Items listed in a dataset
================

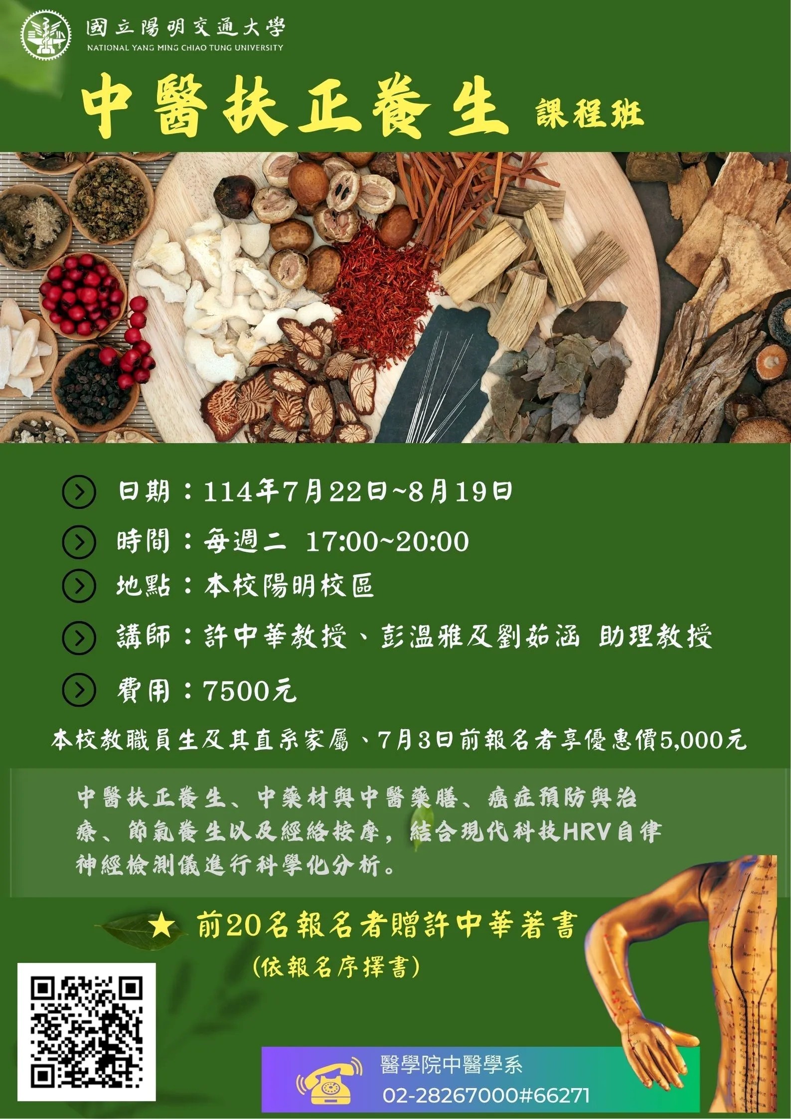 2025年中醫扶正養生課程暑期班開始報名囉~
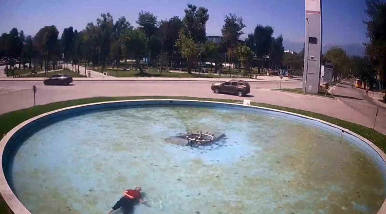 Bursa’nın İnegöl ilçe merkezinde bulunan süs havuzuna düşen alkollü şahıs, polis ekiplerinin hızlı müdahalesiyle boğulmaktan son anda kurtarıldı. Şahsın boğulmak üzere olduğu ve polis ekiplerinin kurtardığı anlar bir işyerinin güvenlik kamerasına saniye saniye yansıdı.
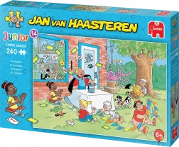 Entdecken Sie das unterhaltsame Familienpuzzle mit einer Illustration des legendären Karikaturisten JAN VAN HAASTEREN. Das Set enthält 240 Teile und ist voller humorvoller Details, die stundenlangen Puzzlespaß garantieren. Freuen Sie sich auf die typische Haifischflosse, mysteriöse Hände und weitere versteckte Motive – alles rund um das Thema Zauberer. Ideal für jüngere Puzzler und gemeinsames Puzzeln mit den Eltern.
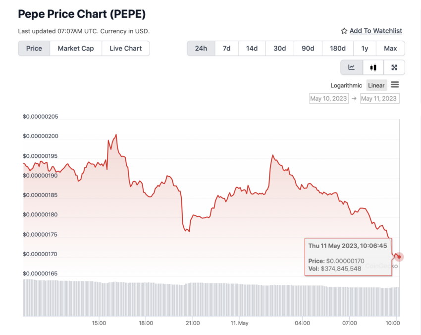 Цена токена отреагировала на новости падением и просела на 2,6% в течение нескольких часов после того, как новость о письме Coinbase распространилась по «Твиттеру». На момент написания PEPE торговался у отметки $0,00000170, снизившись на 12% за последние 24 часа.
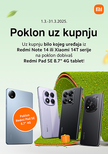 Poklon uz kupnju Redmi Note 14 i ili Xiaomi 14T serije Vrijedi od 03.03. do 31.03.2025. ili do isteka zaliha!
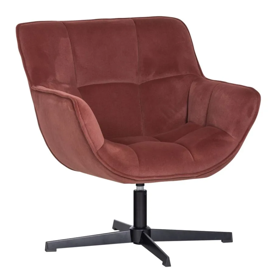 Draaifauteuil Wibo van WOOOD is een stijlvolle en comfortabele aanwinst voor elke zithoek. Het ontwerp combineert een moderne uitstraling met een uitnodigend karakter, waardoor de stoel perfect past in diverse interieurstijlen. De bruinrode kleur zorgt voor een warme sfeer en de praktische draaifunctie biedt extra gemak en flexibiliteit in de ruimte. Of je nu een boek leest of ontspant, draaifauteuil Wibo wordt al snel je favoriete plek.
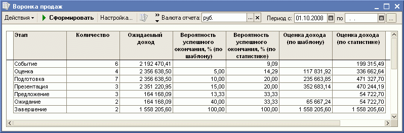 Решение: Чтобы руководитель видел не только фактический результат продаж прошедшего периода, но и мог корректировать работу каждого сотрудника/подразделения/компании в целом, он должен иметь возможность видеть прогноз продаж («воронку продаж») по компании в целом. На основе данной информации, при необходимости, руководитель может принять корректирующие действия.
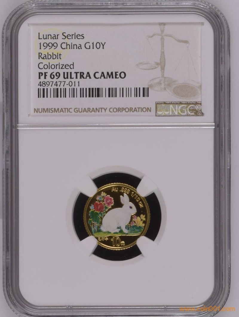 1999年彩金兔 69分 2650/枚 帶證
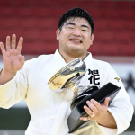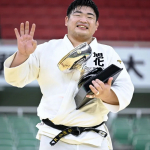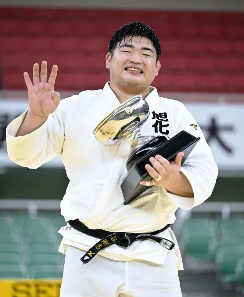 柔道の全日本選手権で6年ぶり4度目の優勝を果たし、天皇杯を手にポーズをとる王子谷剛志=29日、日本武道館
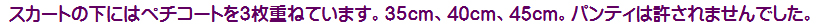 射精のお許しを頂いてから暮れ・正月と、どのスカートとトップスで儀式を行うか、ストッキングは何色にするかで、さんざん悩みました。さんざん濡れました・・・
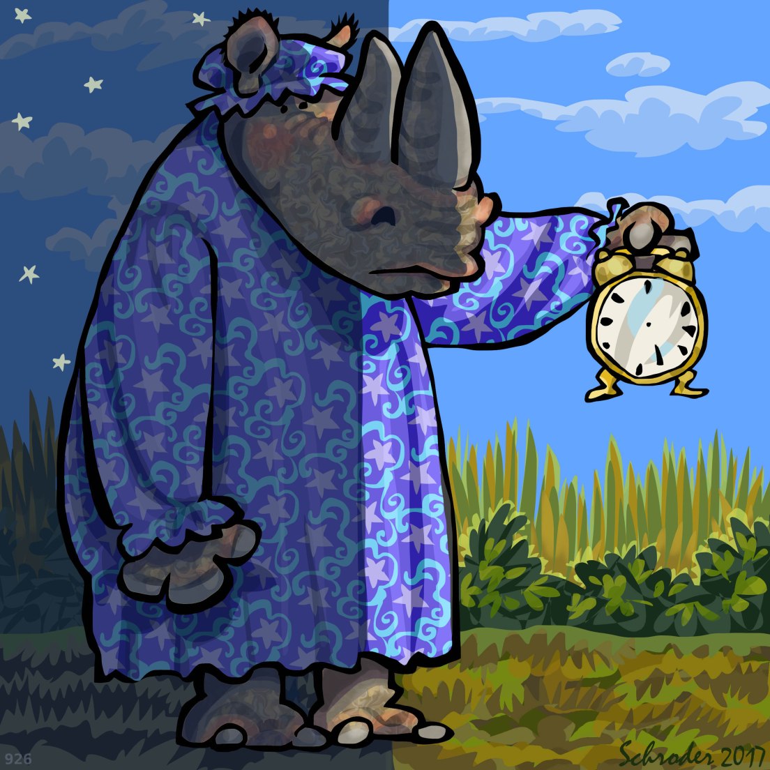 We Rhinos are not particular about Bedtime really. We sleep when it suits Us, and get going when it doesn’t.

================

Activity: Reproduce the lines above beginning at the line that contains "Bursa’nın İnegöl ilçe" and ending at the line that contains "柔道の全日本選手権で6年ぶり". No pictures.

Answer area:
 Bursa’nın İnegöl ilçe merkezinde bulunan süs havuzuna düşen alkollü şahıs, polis ekiplerinin hızlı müdahalesiyle boğulmaktan son anda kurtarıldı. Şahsın boğulmak üzere olduğu ve polis ekiplerinin kurtardığı anlar bir işyerinin güvenlik kamerasına saniye saniye yansıdı.
 Entdecken Sie das unterhaltsame Familienpuzzle mit einer Illustration des legendären Karikaturisten JAN VAN HAASTEREN. Das Set enthält 240 Teile und ist voller humorvoller Details, die stundenlangen Puzzlespaß garantieren. Freuen Sie sich auf die typische Haifischflosse, mysteriöse Hände und weitere versteckte Motive – alles rund um das Thema Zauberer. Ideal für jüngere Puzzler und gemeinsames Puzzeln mit den Eltern.
 Цена токена отреагировала на новости падением и просела на 2,6% в течение нескольких часов после того, как новость о письме Coinbase распространилась по «Твиттеру». На момент написания PEPE торговался у отметки $0,00000170, снизившись на 12% за последние 24 часа.
 Poklon uz kupnju Redmi Note 14 i ili Xiaomi 14T serije Vrijedi od 03.03. do 31.03.2025. ili do isteka zaliha!
 Draaifauteuil Wibo van WOOOD is een stijlvolle en comfortabele aanwinst voor elke zithoek. Het ontwerp combineert een moderne uitstraling met een uitnodigend karakter, waardoor de stoel perfect past in diverse interieurstijlen. De bruinrode kleur zorgt voor een warme sfeer en de praktische draaifunctie biedt extra gemak en flexibiliteit in de ruimte. Of je nu een boek leest of ontspant, draaifauteuil Wibo wordt al snel je favoriete plek.
 Решение: Чтобы руководитель видел не только фактический результат продаж прошедшего периода, но и мог корректировать работу каждого сотрудника/подразделения/компании в целом, он должен иметь возможность видеть прогноз продаж («воронку продаж») по компании в целом. На основе данной информации, при необходимости, руководитель может принять корректирующие действия.
 1999年彩金兔 69分 2650/枚 帶證
 柔道の全日本選手権で6年ぶり4度目の優勝を果たし、天皇杯を手にポーズをとる王子谷剛志=29日、日本武道館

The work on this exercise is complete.